**The task**
Look through the listing below for the line containing "Khaki Cold Shoulder". Copy it and each line after it up to and including the line containing "Sprijină-ți călătoria spre", exactly, leaving out pictures.

**Exercise data**
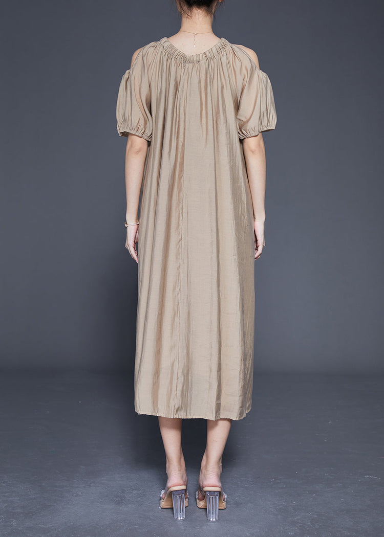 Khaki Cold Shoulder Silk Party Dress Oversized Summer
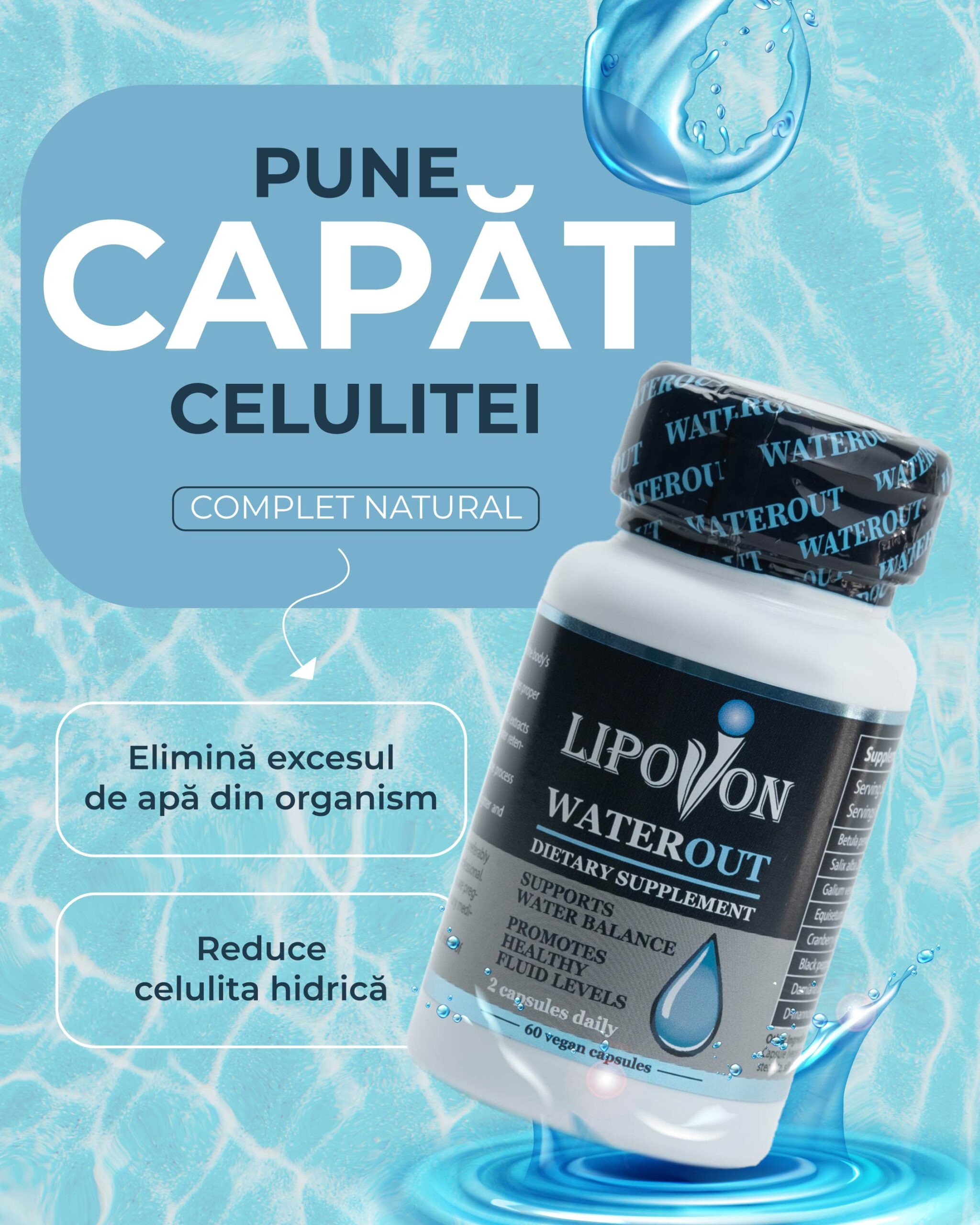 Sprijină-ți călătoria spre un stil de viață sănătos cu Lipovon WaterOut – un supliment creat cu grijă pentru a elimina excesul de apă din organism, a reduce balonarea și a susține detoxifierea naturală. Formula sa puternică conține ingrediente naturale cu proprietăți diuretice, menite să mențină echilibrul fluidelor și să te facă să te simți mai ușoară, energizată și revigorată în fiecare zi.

==

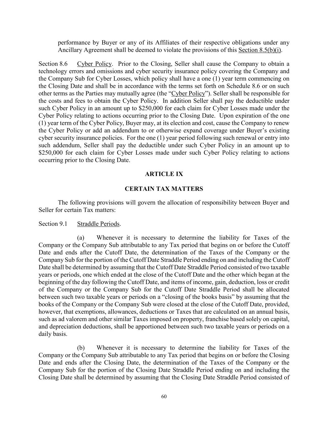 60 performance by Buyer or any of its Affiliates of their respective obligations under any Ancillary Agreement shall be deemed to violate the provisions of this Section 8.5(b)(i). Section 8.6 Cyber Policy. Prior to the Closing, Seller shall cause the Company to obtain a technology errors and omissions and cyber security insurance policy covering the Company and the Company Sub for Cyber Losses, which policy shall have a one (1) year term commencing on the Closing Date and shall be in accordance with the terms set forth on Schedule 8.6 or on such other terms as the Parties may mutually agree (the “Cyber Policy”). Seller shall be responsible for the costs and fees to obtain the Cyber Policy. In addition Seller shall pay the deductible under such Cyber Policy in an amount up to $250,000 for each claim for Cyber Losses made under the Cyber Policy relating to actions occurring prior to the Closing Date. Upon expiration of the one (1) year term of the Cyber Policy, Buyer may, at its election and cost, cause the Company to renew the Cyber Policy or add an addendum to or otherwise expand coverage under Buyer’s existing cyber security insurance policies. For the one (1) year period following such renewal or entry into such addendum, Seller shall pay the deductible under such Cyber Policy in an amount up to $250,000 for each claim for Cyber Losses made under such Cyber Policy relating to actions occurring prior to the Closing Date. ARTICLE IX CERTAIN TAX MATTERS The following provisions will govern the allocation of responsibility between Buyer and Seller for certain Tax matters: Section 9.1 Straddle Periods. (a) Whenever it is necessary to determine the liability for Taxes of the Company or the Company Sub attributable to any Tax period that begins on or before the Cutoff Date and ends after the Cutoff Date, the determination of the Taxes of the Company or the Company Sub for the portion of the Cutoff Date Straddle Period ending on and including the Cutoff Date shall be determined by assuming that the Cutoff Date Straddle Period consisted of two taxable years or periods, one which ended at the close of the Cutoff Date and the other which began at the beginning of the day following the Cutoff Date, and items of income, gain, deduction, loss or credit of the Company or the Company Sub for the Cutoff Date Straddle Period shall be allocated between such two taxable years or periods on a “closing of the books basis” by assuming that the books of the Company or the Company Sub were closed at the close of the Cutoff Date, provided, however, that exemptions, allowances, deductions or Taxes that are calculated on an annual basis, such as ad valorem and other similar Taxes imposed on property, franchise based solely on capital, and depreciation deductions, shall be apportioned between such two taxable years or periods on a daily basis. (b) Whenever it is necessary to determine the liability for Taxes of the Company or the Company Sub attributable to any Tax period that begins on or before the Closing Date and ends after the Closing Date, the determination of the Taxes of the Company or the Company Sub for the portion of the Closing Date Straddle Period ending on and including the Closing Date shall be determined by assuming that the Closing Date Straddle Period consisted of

**Response area**
 Khaki Cold Shoulder Silk Party Dress Oversized Summer
 Sprijină-ți călătoria spre un stil de viață sănătos cu Lipovon WaterOut – un supliment creat cu grijă pentru a elimina excesul de apă din organism, a reduce balonarea și a susține detoxifierea naturală. Formula sa puternică conține ingrediente naturale cu proprietăți diuretice, menite să mențină echilibrul fluidelor și să te facă să te simți mai ușoară, energizată și revigorată în fiecare zi.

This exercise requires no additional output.